EXERCISE GOAL> All that is needed is the first stretch of the listing below, repeated exactly and ending with the line that contains "- Durable All-Weather". Pictures are to be left out.

DATASET CONTENT>
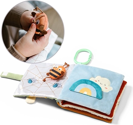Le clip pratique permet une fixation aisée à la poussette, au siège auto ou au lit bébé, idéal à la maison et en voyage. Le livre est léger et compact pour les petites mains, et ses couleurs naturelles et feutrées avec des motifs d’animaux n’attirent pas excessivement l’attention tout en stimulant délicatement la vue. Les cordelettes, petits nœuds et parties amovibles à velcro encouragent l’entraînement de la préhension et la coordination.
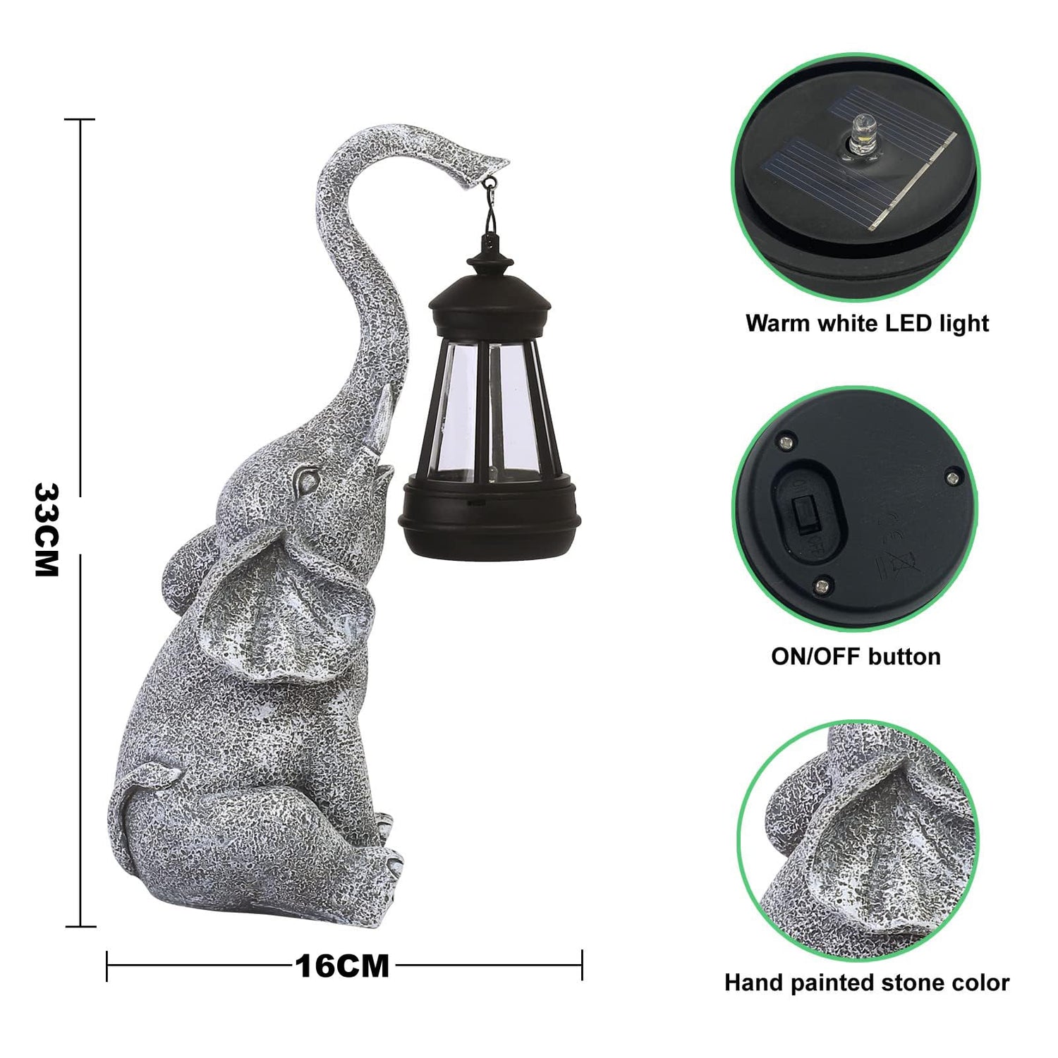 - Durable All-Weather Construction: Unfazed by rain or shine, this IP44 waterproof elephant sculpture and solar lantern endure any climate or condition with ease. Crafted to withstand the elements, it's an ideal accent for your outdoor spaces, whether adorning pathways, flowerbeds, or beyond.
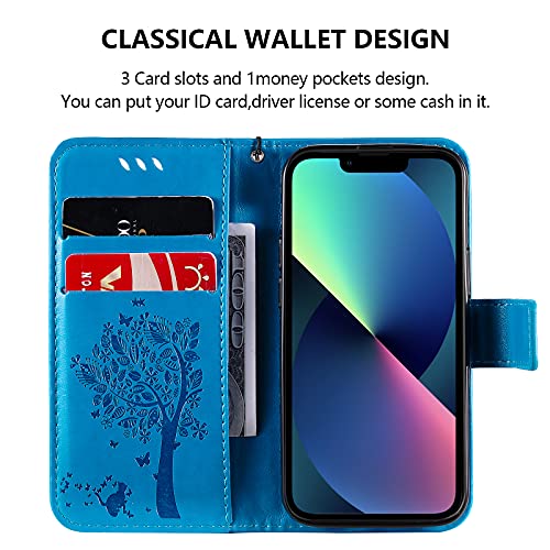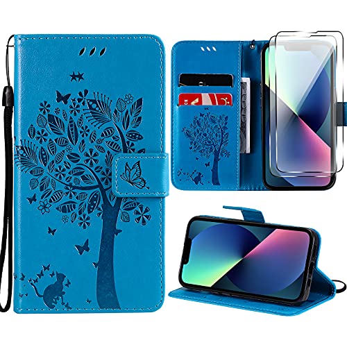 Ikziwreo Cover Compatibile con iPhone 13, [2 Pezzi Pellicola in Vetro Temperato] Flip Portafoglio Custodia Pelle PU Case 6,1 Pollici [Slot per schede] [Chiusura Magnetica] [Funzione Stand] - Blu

RESPONSE AREA>
Le clip pratique permet une fixation aisée à la poussette, au siège auto ou au lit bébé, idéal à la maison et en voyage. Le livre est léger et compact pour les petites mains, et ses couleurs naturelles et feutrées avec des motifs d’animaux n’attirent pas excessivement l’attention tout en stimulant délicatement la vue. Les cordelettes, petits nœuds et parties amovibles à velcro encouragent l’entraînement de la préhension et la coordination.
 - Durable All-Weather Construction: Unfazed by rain or shine, this IP44 waterproof elephant sculpture and solar lantern endure any climate or condition with ease. Crafted to withstand the elements, it's an ideal accent for your outdoor spaces, whether adorning pathways, flowerbeds, or beyond.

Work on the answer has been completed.